------ Data provided ------
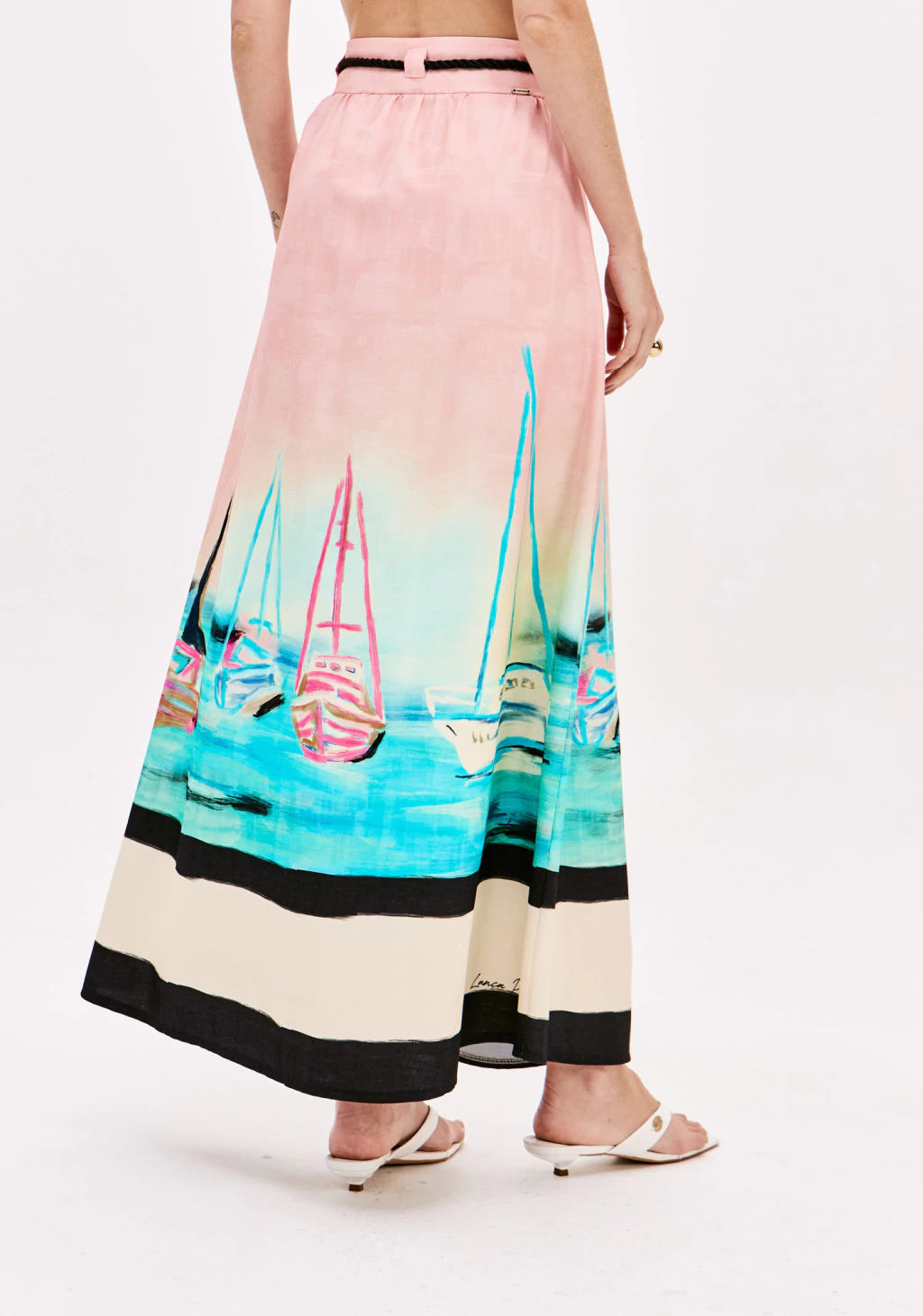 Migas a saia super midi estampada, confeccionada em tecido plano e leve, traz modelagem evasê que se abre delicadamente a partir da cintura, garantindo movimento e feminilidade ao look. Com cintura alta, bolsos laterais funcionais e fechamento lateral em zíper, a peça alia praticidade e estilo. O cinto em cordão arremata a proposta com charme artesanal, tornando-a um item versátil para produções sofisticadas e descontraídas.
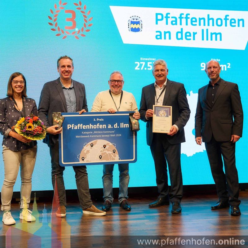 Die Stadt Pfaffenhofen hat beim Wettbewerb „Kommune bewegt Welt“ den dritten Platz in der Kategorie mittelgroße Städte belegt. Die Auszeichnung würdigt das entwicklungspolitische Engagement der Stadt, die sich gegen rund 50 Mitbewerber durchsetzen konnte. Der Preis, der vom Bundesministerium für wirtschaftliche Zusammenarbeit und Entwicklung (BMZ) ausgelobt wird, ist mit 10.000 Euro dotiert und wurde am 9. Oktober 2024 bei der Bundeskonferenz der kommunalen Entwicklung in Ingelheim verliehen.
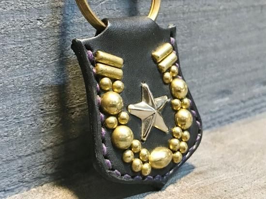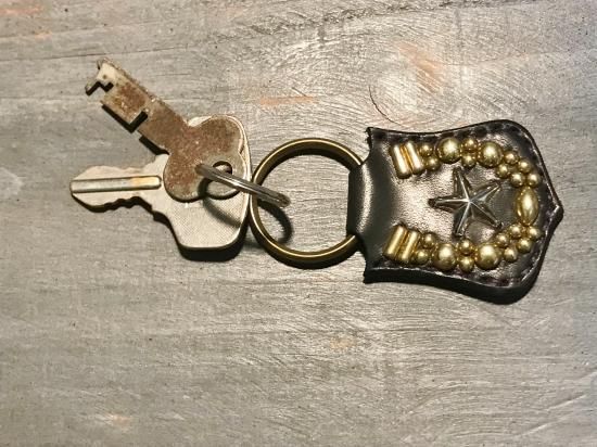 スタッズもくすみ、味わいの出るキーホルダーです。
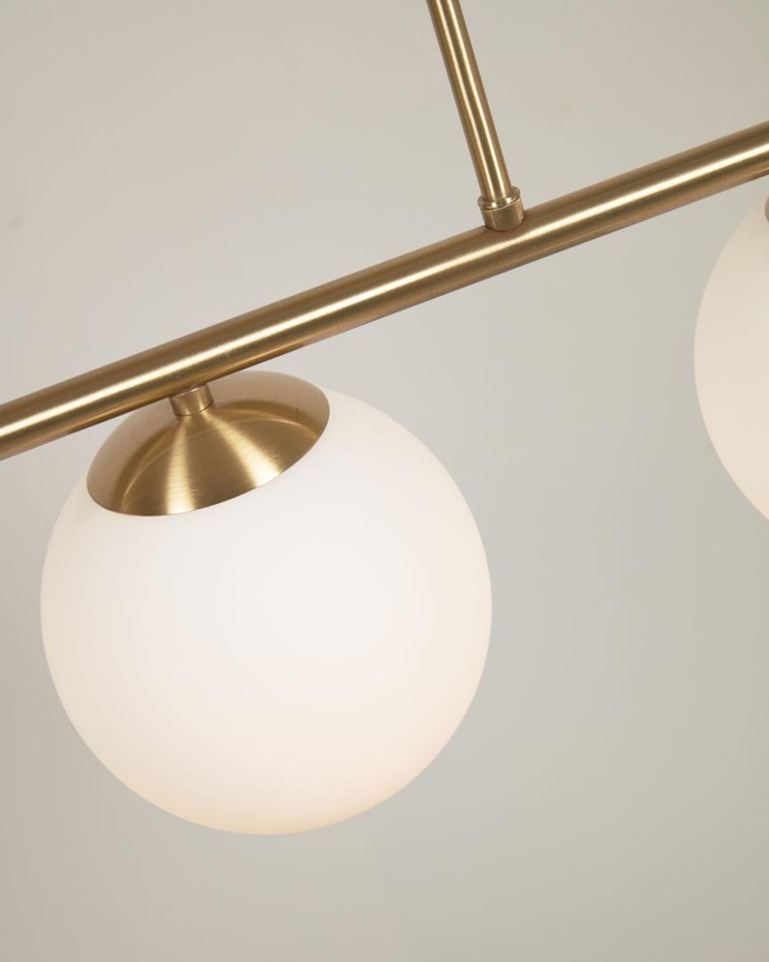 Современный дизайн и геометрические формы прекрасно сочетаются с тремя сферическими плафонами Mahala из матового стекла и деталями из стали с латунной отделкой. Идеальный способ стильно осветить любую комнату.
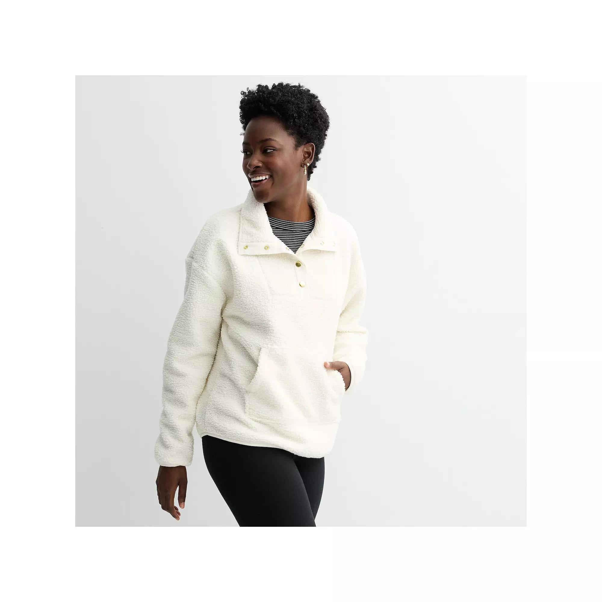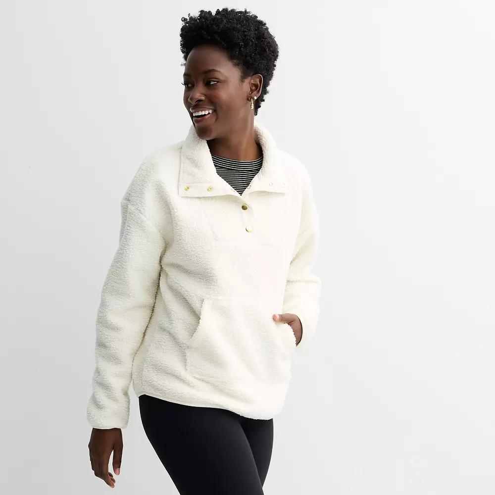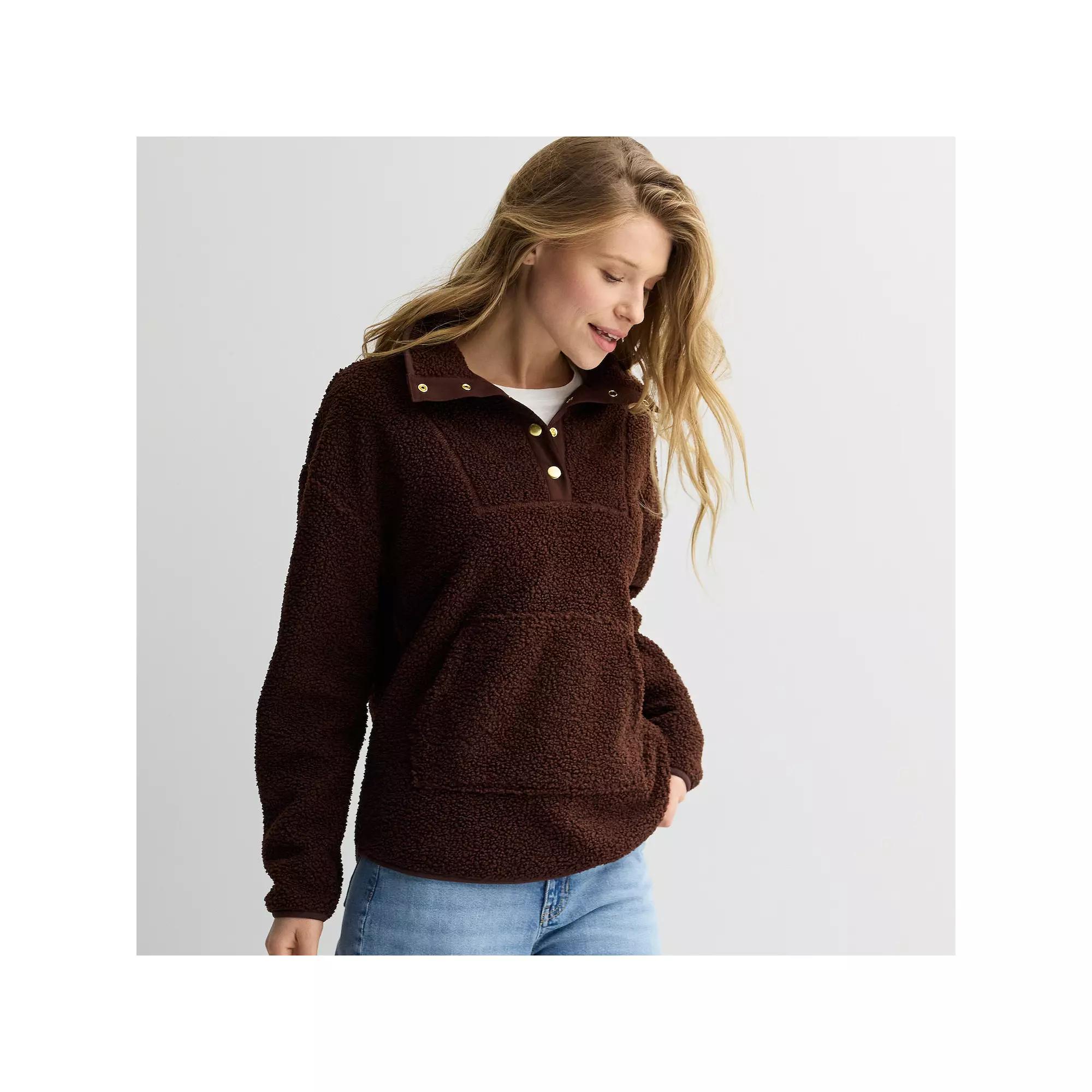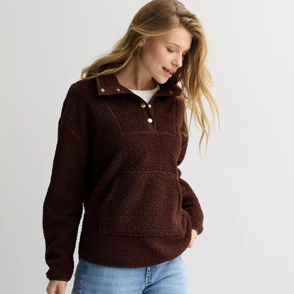Cozy up in this stylish pullover that features a unique bonded sherpa fabric, perfect for chilly days. The chic bib at the front neckline adds a touch of flair, making it an ideal choice for casual outings or lounging at home. Click on this WOMEN'S GUIDE to find the perfect fit and more! - https://www.kohls.com/feature/womens-fit-guide.jsp. FEATURES: Soft, cozy bonded sherpa fabric, Stylish bib detail at the front neckline. FIT & SIZE: Relaxed fit, 27 1/4-in. length from shoulder to hem, Rounded hem. DETAILS: Snap closure, Collared neckline, Long, set-in sleeves, Elastic cuffs, Kangaroo pocket at front, Imported. MATERIAL & CARE: Bonded sherpa construction, faux fur, Polyester, Machine wash and tumble dry low. RESPONSIBLE Tested for harmful substances, STANDARD 100 by OEKO-TEX® CERTIFIED, Certification No. SE020 171210, Testing Institute: Testex AG: Swiss Textile Testing Institute, www.oeko-tex.com/standard100 - https://www.oeko-tex.com/en/our-standards/oeko-tex-standard-100. Size: X Large. Color: Naveena Plum. Gender: female. Age Group: adult. Material: FLEECE.
------
### [Activity]
Output the data above exactly. Drop every picture.

### [Output of the task]
 Migas a saia super midi estampada, confeccionada em tecido plano e leve, traz modelagem evasê que se abre delicadamente a partir da cintura, garantindo movimento e feminilidade ao look. Com cintura alta, bolsos laterais funcionais e fechamento lateral em zíper, a peça alia praticidade e estilo. O cinto em cordão arremata a proposta com charme artesanal, tornando-a um item versátil para produções sofisticadas e descontraídas.
 Die Stadt Pfaffenhofen hat beim Wettbewerb „Kommune bewegt Welt“ den dritten Platz in der Kategorie mittelgroße Städte belegt. Die Auszeichnung würdigt das entwicklungspolitische Engagement der Stadt, die sich gegen rund 50 Mitbewerber durchsetzen konnte. Der Preis, der vom Bundesministerium für wirtschaftliche Zusammenarbeit und Entwicklung (BMZ) ausgelobt wird, ist mit 10.000 Euro dotiert und wurde am 9. Oktober 2024 bei der Bundeskonferenz der kommunalen Entwicklung in Ingelheim verliehen.
 スタッズもくすみ、味わいの出るキーホルダーです。
 Современный дизайн и геометрические формы прекрасно сочетаются с тремя сферическими плафонами Mahala из матового стекла и деталями из стали с латунной отделкой. Идеальный способ стильно осветить любую комнату.
Cozy up in this stylish pullover that features a unique bonded sherpa fabric, perfect for chilly days. The chic bib at the front neckline adds a touch of flair, making it an ideal choice for casual outings or lounging at home. Click on this WOMEN'S GUIDE to find the perfect fit and more! - https://www.kohls.com/feature/womens-fit-guide.jsp. FEATURES: Soft, cozy bonded sherpa fabric, Stylish bib detail at the front neckline. FIT & SIZE: Relaxed fit, 27 1/4-in. length from shoulder to hem, Rounded hem. DETAILS: Snap closure, Collared neckline, Long, set-in sleeves, Elastic cuffs, Kangaroo pocket at front, Imported. MATERIAL & CARE: Bonded sherpa construction, faux fur, Polyester, Machine wash and tumble dry low. RESPONSIBLE Tested for harmful substances, STANDARD 100 by OEKO-TEX® CERTIFIED, Certification No. SE020 171210, Testing Institute: Testex AG: Swiss Textile Testing Institute, www.oeko-tex.com/standard100 - https://www.oeko-tex.com/en/our-standards/oeko-tex-standard-100. Size: X Large. Color: Naveena Plum. Gender: female. Age Group: adult. Material: FLEECE.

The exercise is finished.